Even granting that these alleged errors were adequately proven by the
petitioners, they would still not invalidate Executive Order No. 102. Any
serious legal errors in laying down the compensation of the DOH employees
concerned can only invalidate the pertinent provisions of Department
Circular No. 312, Series of 2000.Likewise, any questionable appointments
or transfers are properly addressed by an appeal process provided under
Administrative Order No. 94, series of 2000;[39] and if the appeal is
meritorious, such appointment or transfer may be invalidated. The validity
of Executive Order No. 102 would, nevertheless, remain unaffected. Settled
is the rule that courts are not at liberty to declare statutes invalid, although
they may be abused or misabused, and may afford an opportunity for abuse
in the manner of application. The validity of a statute or ordinance is to be
determined from its general purpose and its efficiency to accomplish the end
desired, not from its effects in a particular case.[40]
In a number of cases,[41] the Court upheld the standing of citizens who
filed suits, wherein the transcendental importance of the constitutional
question justified the granting of relief.
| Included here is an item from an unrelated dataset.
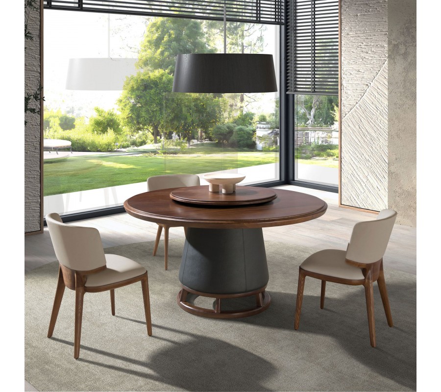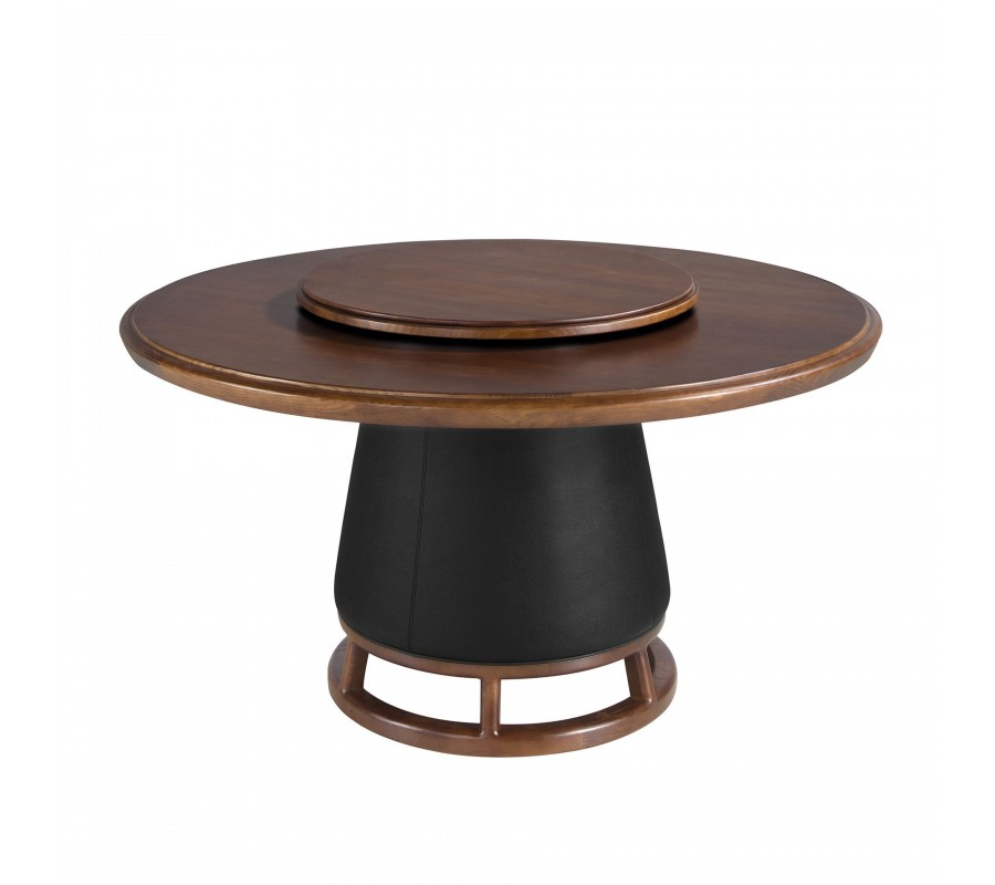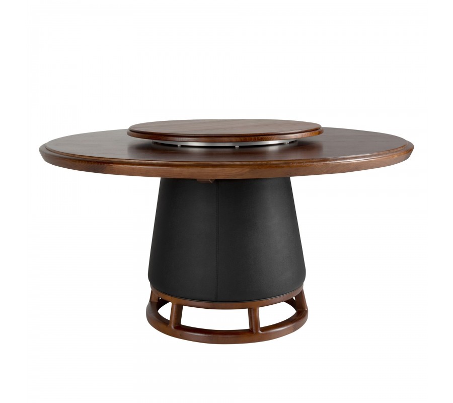 Luxusní moderní hnědý kulatý jídelní stůl Vita Naturale s odnímatelným podnosem a nohou s černým koženým potahem 150 cm

In spite of these rulings, the Court,
in Domingo v. Carague,[42] dismissed the petition when petitioners therein
failed to show any present substantial interest. It demonstrated how even in
the cases in which the Court declared that the matter of the case was of
transcendental importance, the petitioners must be able to assert substantial
interest. Present substantial interest, which will enable a party to question
the validity of the law, requires that a party sustained or will sustain direct
injury as a result of its enforcement. [43] It is distinguished from a mere
expectancy or future, contingent, subordinate, or inconsequential interest.[44]
In the same way, the Court, in Telecommunications & Broadcast
Attorneys of the Philippines, Inc. v. Comelec,[45] ruled that a citizen is
allowed to raise a constitutional question only when he can show that he has
personally suffered some actual or threatened injury as a result of the
allegedly illegal conduct of the government; the injury is fairly traceable to
the challenged action; and the injury is likely to be redressed by a favorable
action. This case likewise stressed that the rule on constitutional questions
which are of transcendental importance cannot be invoked where a partys
substantive claim is without merit. Thus, a partys standing is determined by
the substantive merit of his case or a preliminary estimate thereof. After a
careful scrutiny of the petitioners substantive claims, this Court finds that the
petitioners miserably failed to show any merit to their claims.